When to actually pay for professional advice

If any of the following apply, do not DIY this:

  • You gamble at a scale where a bad answer costs you more than an accountant's fee (rough rule: total annual crypto casino turnover above $10,000 USD-equivalent).
  • Your deposits are in crypto with significant unrealised appreciation.
  • Your jurisdiction has changed its crypto rules in the last two tax years.
  • You are considering claiming professional gambler status (which changes the rules substantially, in both directions, depending on jurisdiction).

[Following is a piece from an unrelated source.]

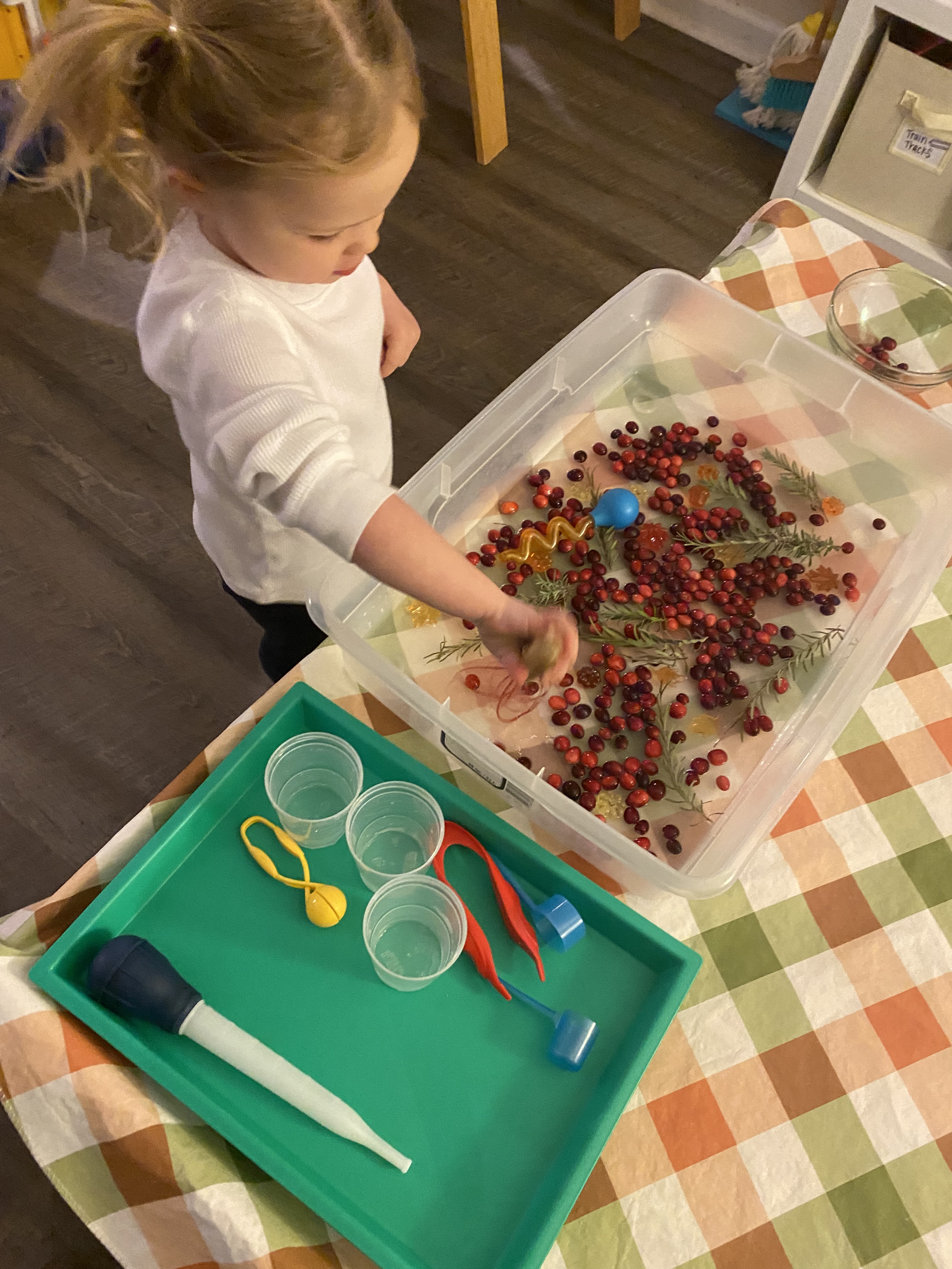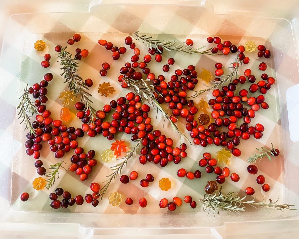 Below you’ll see one of our favorites, which is just water, cranberries, and a few sprigs of Rosemary. This is perfect after Halloween, as you’re transitioning into the Thanksgiving season! I can’t tell you enough, this is so easy, and so fun for littles. There’s something resetting in the brain when playing with water. Hence why littles usually love bath time so much!

For all our reviews and rankings — including our no-KYC crypto casinos ranking and our instant-withdrawal picks — remember that "no KYC at the casino" is a separate question from "no reporting obligation to your tax authority". They are not the same thing.

A short worked example

Suppose in January you buy 0.5 BTC for $10,000 (cost basis $20,000/BTC). In November you deposit 0.1 BTC to a casino at a spot price of $50,000. Regardless of the gambling outcome, in most jurisdictions that deposit is a disposal of 0.1 BTC at $5,000 fair market value, with a $2,000 cost basis, producing a $3,000 capital gain reportable that tax year. If you then win 0.05 BTC and withdraw it at a spot price of $52,000, you have acquired 0.05 BTC at a new $2,600 cost basis for future capital-gains calculation — and, in jurisdictions that tax gambling income, potentially reportable gambling income on the winning as well. Two separate tax events on a single successful session. This is why year-end reconstruction is so unreliable; the block-time prices you need are not what your accountant's software will pull down automatically.

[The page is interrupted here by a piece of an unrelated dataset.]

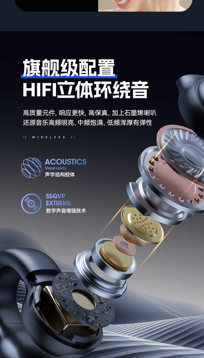 국경 간 인기 이어 클립 블루투스 헤드셋, 이어폰 형 스포츠 미니 무선 헤드셋, 개인 모델 Huaqiangbei 재고 있음

Sources & verification1 source

Sources & verification

Sources below support specific parts of the article. The page was last updated on ; a separate source-check date is not currently recorded. Unless the article explicitly describes a dated CryptoHut test, operator figures remain operator-stated and external documents are third-party evidence—not first-hand testing by CryptoHut.

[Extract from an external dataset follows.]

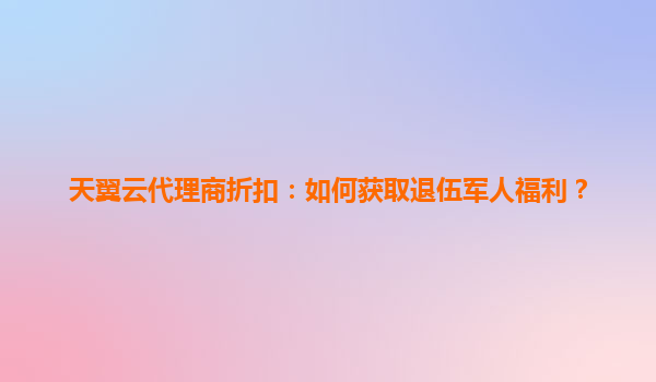 天翼云代理商专属福利:退伍军人尊享计划指南 天翼云致敬卫国英雄 作为国家云服务的核心力量,天翼云始终铭记退伍军人为国家安全作出的卓越贡献。通过全国代理商网络,我们特别推出"戎耀计划",为...

Published under the shared CryptoHut Editorial Team byline. No individual fact-checker or personal credential is claimed for this page.

Frequently asked questions

Do I owe tax on crypto casino winnings?

It depends entirely on your jurisdiction. In the UK, Germany (casual), Ireland, and Malta, private-player gambling winnings are generally not taxed as income. In the US, France, Netherlands, and Spain, they generally are. Even where winnings are untaxed, the crypto deposit and withdrawal themselves may still be taxable disposal events under capital-gains rules.

Is depositing Bitcoin at a casino a taxable event?

In most jurisdictions that tax crypto, yes — depositing crypto is treated as a disposal at fair market value. Capital gain or loss is computed against your cost basis in the coins you deposited. This is separate from any gambling-income question. Keep the transaction hash, the deposit date, and the fiat price of the crypto at the deposit block-time.

Do crypto casinos report my winnings to tax authorities?

Almost none currently issue tax forms. This does not remove your reporting obligation — in jurisdictions that tax gambling income, the obligation is on the player regardless of what the operator files. Assume you must self-report and keep your own records.

How should I keep records for crypto casino tax?

For each casino: transaction hash, date, and fiat-equivalent value of every deposit and withdrawal; your cost basis for the crypto you deposited; and a session-level record of wagered and won amounts. Do this contemporaneously, not at year-end — reconstructing after the fact is error-prone and difficult to defend in an audit.